## Impute cruise time data using neighboring historical cruise time

At time interval t, if a taxi zone z does not have cruise time data, we look for cruise time data of adjacent taxi zones to z. The average of those adjacent value is used as a cruise time of zone z at time interval t.

In [1]:
import pandas as pd
import matplotlib.pyplot as plt
import numpy as np
import seaborn as sns

In [4]:
def impute_from_adjacent_zones(cruise_time_df, adjacent_zone, cruise_time_col, time_interval):
    
    ## pivot
    cruise_df_imputed = cruise_time_df.pivot_table(index='dropoff_datetime_index', 
                                   columns='taxizone_id', 
                                   values=cruise_time_col).copy()

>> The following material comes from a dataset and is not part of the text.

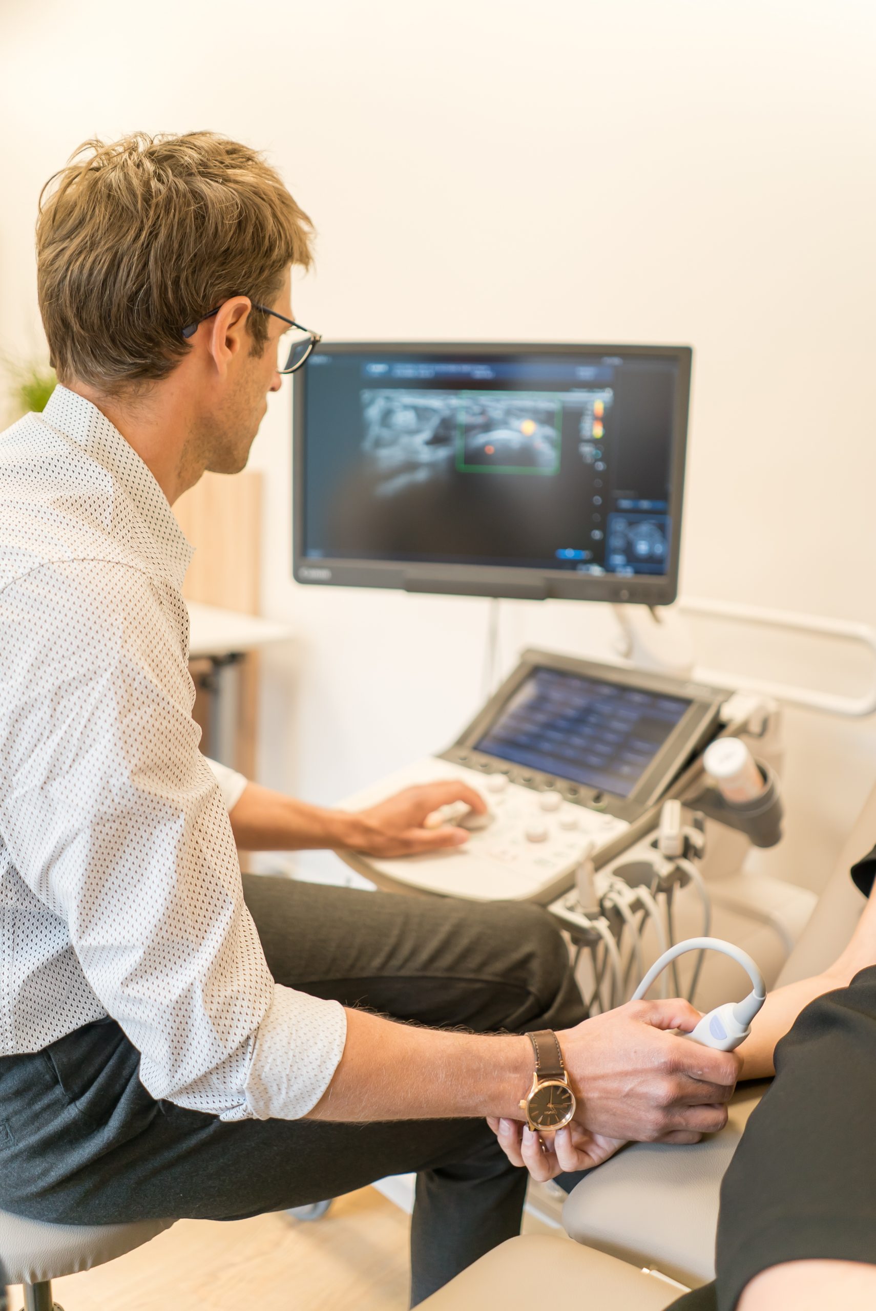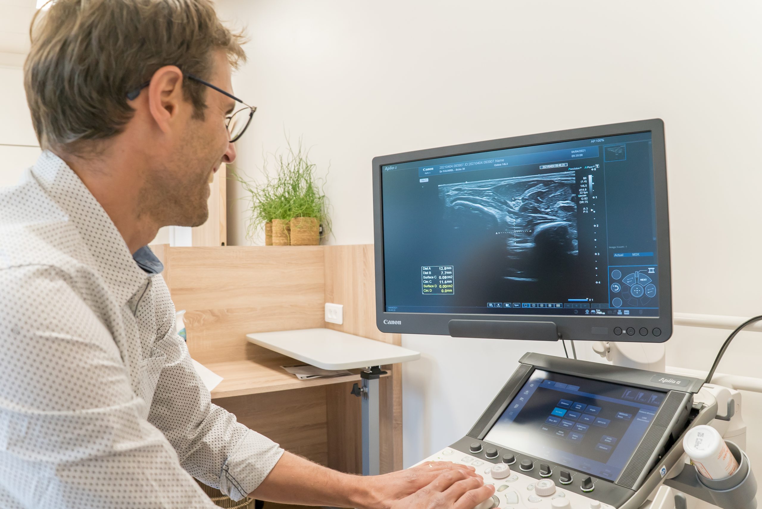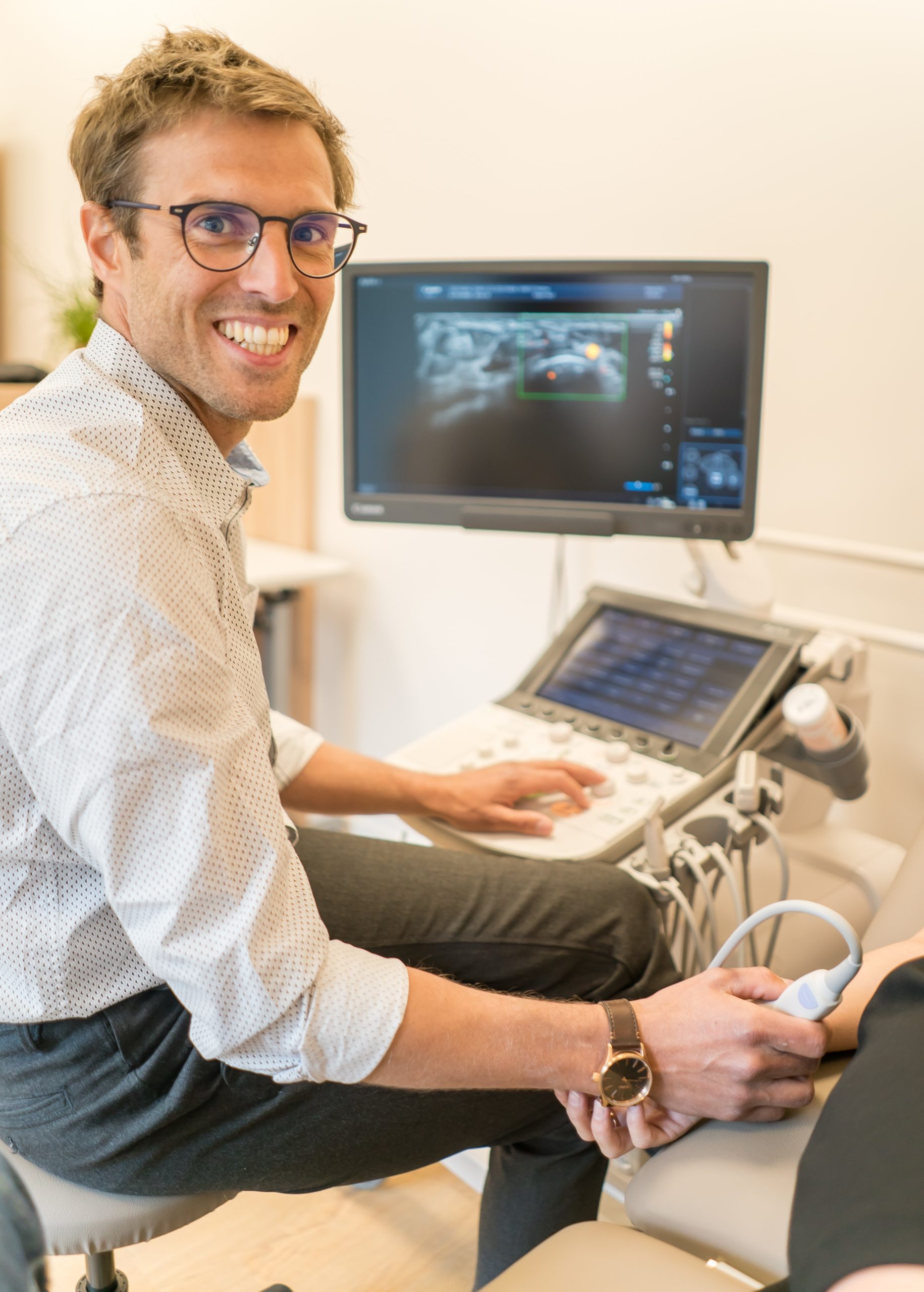 Dans un deuxième temps, sa curiosité l’a amené vers l’échographie, qui permet d’imager ce que l’on devine par l’examen clinique. Là aussi, il s’est tourné vers les meilleurs pour se former, que ce soit sur Grenoble en milieu hospitalier, mais aussi en congrès et diplômes inter-universitaires de par la France, avec les meilleurs spécialistes. Enfin, il a exercé deux ans au sein du cabinet de radiologie X Ray Grésivaudan, lui permettant d’asseoir sa pratique en échographie et en infiltration écho-guidée.

    ## at each time interval, loop through each of the zone and find its adjacent
    ## if its cruise time is NaN
    taxi_zone_list = list(cruise_df_imputed.columns)
    timestamp_list = list(cruise_df_imputed.index)
    for t in timestamp_list:
        for z in taxi_zone_list:
            adjacent_list = np.array(adjacent_zone.loc[adjacent_zone['zone1'] == z]['zone2'])
            try:
                if np.isnan(cruise_df_imputed.loc[t, z]):
                    cruise_df_imputed.loc[t, z] = np.mean(cruise_df_imputed.loc[t, adjacent_list])
            except:
                pass
    ## unpivot
    cruise_df_imputed = cruise_df_imputed.stack().reset_index(name=cruise_time_col)
    
    ## compute interval from the imputed cruise time
    cruise_df_imputed[cruise_time_col + '_INT'] = [t//time_interval for t in cruise_df_imputed[cruise_time_col]]
    return cruise_df_imputed

In [3]:
adjacent_zone = pd.read_csv('../data/adjacent_zone.csv')
time_interval_list = [60, 30, 15, 10, 5, 1]
for it in time_interval_list:
    current_cruise_time_df = pd.read_csv('../data/cruise_time_{}m.csv'.format(int(it)))
    current_cruise_time_df = current_cruise_time_df.astype({'dropoff_datetime_index': 'int32'})
    
    cruise_imputed = impute_from_adjacent_zones(current_cruise_time_df,
                                                adjacent_zone, 
                                                'med_cruise_time', it)
    saved_path = '../data/cruise_time_imputed_{}m.csv'.format(int(it))
    cruise_imputed.to_csv(saved_path, index=False)
    print('saved at ', saved_path)

Passing list-likes to .loc or [] with any missing label will raise
KeyError in the future, you can use .reindex() as an alternative.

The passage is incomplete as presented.